ENTRIES PROVIDED:
========

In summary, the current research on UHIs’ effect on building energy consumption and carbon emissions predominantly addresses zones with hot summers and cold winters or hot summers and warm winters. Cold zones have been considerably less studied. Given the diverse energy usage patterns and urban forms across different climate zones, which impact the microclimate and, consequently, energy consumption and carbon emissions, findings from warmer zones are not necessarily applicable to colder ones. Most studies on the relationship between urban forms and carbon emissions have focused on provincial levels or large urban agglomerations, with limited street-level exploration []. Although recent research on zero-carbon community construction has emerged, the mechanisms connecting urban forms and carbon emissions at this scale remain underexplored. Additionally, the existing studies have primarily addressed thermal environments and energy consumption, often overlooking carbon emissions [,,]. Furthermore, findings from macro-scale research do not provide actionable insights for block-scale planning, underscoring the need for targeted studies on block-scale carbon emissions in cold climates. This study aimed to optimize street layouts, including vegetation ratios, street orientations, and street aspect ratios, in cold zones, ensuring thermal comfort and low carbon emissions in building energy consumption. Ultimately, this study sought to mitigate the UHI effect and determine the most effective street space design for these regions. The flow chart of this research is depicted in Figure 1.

========

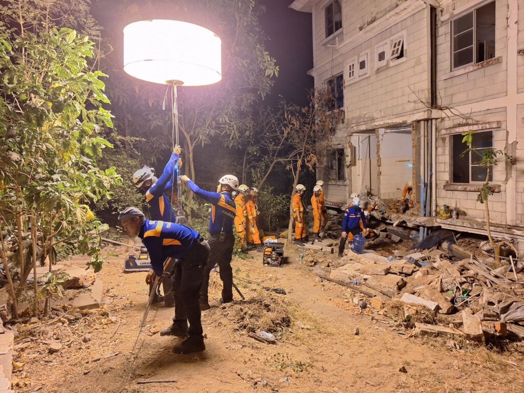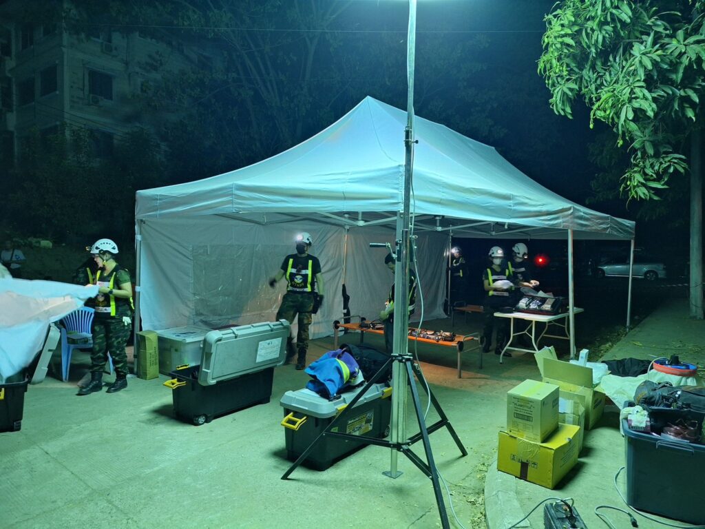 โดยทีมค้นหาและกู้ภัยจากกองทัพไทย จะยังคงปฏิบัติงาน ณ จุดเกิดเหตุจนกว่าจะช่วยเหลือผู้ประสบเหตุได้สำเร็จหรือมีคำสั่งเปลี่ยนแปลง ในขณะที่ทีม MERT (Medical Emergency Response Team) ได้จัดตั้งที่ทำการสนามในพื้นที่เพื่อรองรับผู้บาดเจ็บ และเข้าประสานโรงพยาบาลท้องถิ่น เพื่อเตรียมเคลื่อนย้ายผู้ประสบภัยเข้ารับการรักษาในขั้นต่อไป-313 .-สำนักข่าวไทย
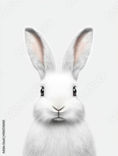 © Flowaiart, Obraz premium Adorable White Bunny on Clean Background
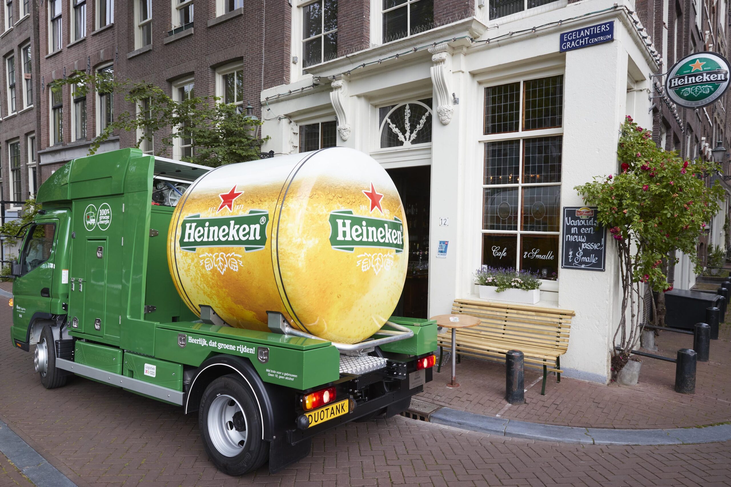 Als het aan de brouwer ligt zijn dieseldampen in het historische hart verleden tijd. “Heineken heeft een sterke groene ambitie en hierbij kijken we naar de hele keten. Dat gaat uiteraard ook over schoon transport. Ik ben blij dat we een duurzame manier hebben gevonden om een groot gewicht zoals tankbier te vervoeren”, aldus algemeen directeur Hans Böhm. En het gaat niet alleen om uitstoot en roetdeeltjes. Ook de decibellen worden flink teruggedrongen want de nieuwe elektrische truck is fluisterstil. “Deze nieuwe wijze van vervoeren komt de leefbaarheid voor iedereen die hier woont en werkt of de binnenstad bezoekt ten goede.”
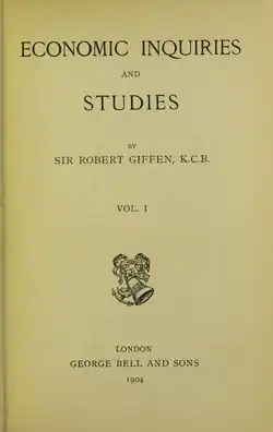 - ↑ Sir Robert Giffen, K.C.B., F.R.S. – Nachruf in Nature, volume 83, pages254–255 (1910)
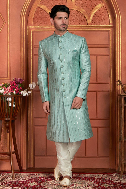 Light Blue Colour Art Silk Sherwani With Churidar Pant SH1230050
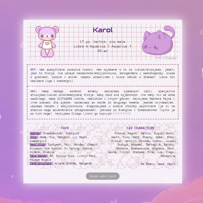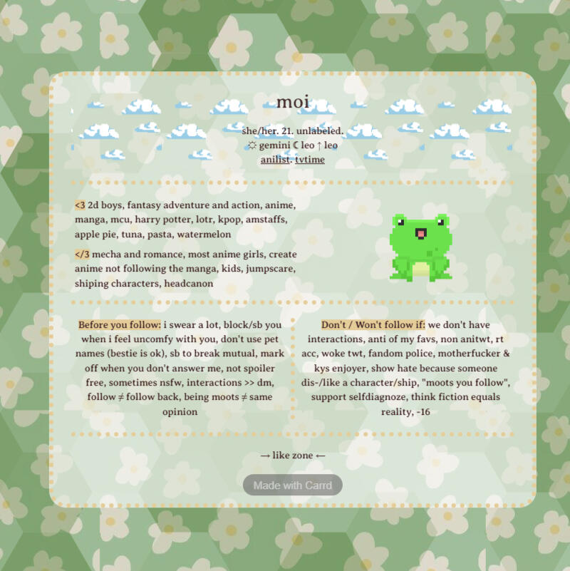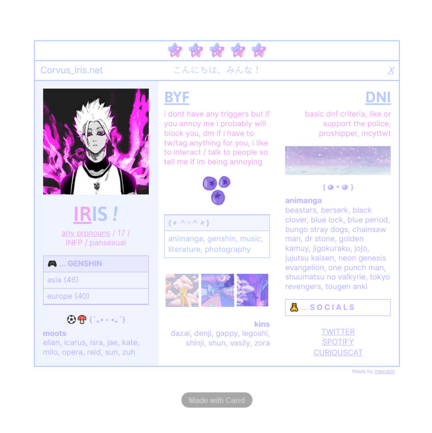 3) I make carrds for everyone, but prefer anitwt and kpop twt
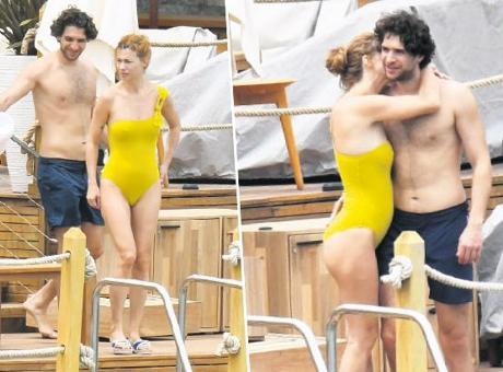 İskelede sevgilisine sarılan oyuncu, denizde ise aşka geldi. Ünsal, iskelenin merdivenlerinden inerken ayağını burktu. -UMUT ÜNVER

========

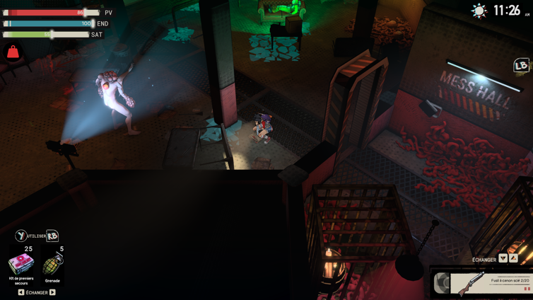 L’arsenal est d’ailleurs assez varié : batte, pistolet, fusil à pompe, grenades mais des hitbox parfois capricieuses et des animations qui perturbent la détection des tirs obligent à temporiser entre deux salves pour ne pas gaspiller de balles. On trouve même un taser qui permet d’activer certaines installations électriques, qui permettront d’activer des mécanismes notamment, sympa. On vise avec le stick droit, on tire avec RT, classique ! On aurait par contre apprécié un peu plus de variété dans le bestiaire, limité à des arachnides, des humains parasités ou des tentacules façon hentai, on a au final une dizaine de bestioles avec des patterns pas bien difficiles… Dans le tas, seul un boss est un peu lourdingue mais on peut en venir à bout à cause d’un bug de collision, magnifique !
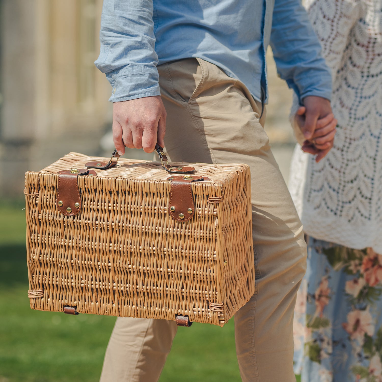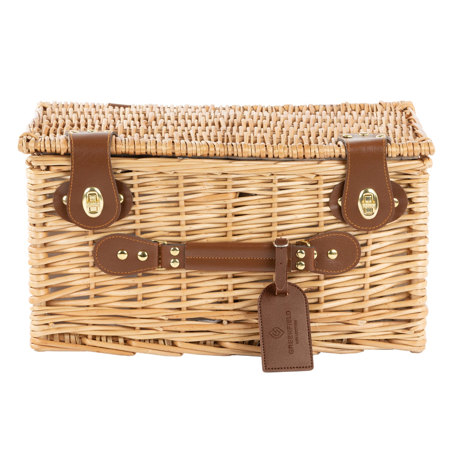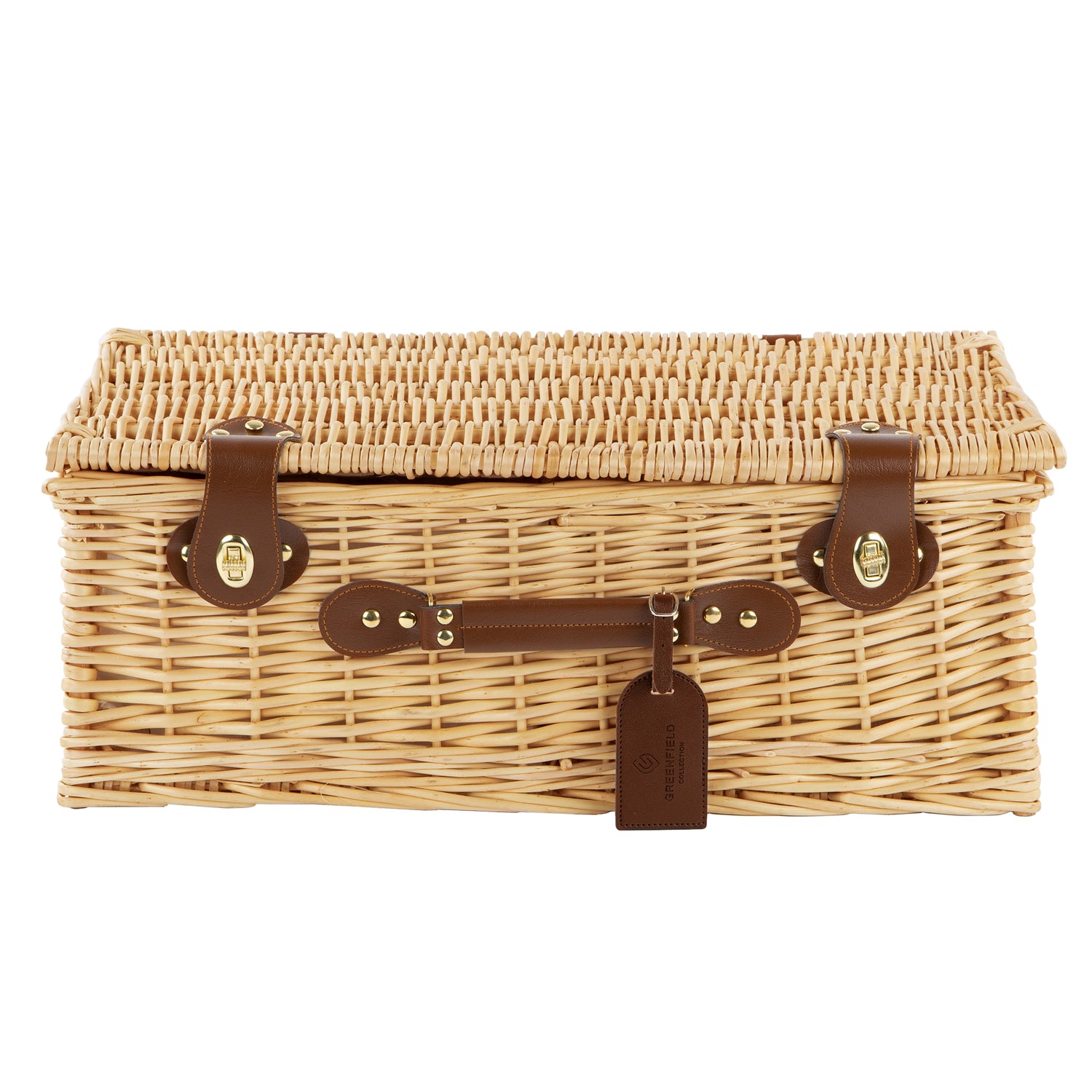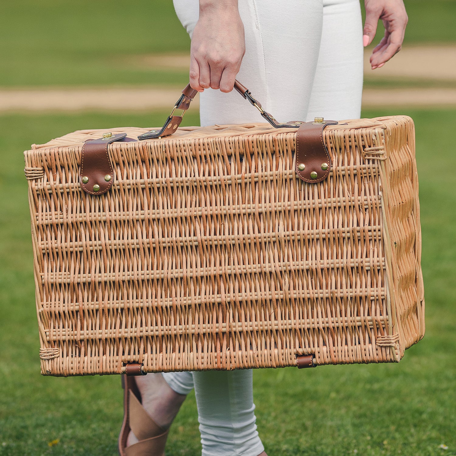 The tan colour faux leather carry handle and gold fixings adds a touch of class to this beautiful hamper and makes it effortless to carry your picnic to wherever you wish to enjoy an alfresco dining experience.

========

Word for word, retype the lines in the entries above that run from the one with "โดยทีมค้นหาและกู้ภัยจากกองทัพไทย จะยังคงปฏิบัติงาน ณ" through the one with "on Clean Background". Both ends count; pictures do not.

 โดยทีมค้นหาและกู้ภัยจากกองทัพไทย จะยังคงปฏิบัติงาน ณ จุดเกิดเหตุจนกว่าจะช่วยเหลือผู้ประสบเหตุได้สำเร็จหรือมีคำสั่งเปลี่ยนแปลง ในขณะที่ทีม MERT (Medical Emergency Response Team) ได้จัดตั้งที่ทำการสนามในพื้นที่เพื่อรองรับผู้บาดเจ็บ และเข้าประสานโรงพยาบาลท้องถิ่น เพื่อเตรียมเคลื่อนย้ายผู้ประสบภัยเข้ารับการรักษาในขั้นต่อไป-313 .-สำนักข่าวไทย
 © Flowaiart, Obraz premium Adorable White Bunny on Clean Background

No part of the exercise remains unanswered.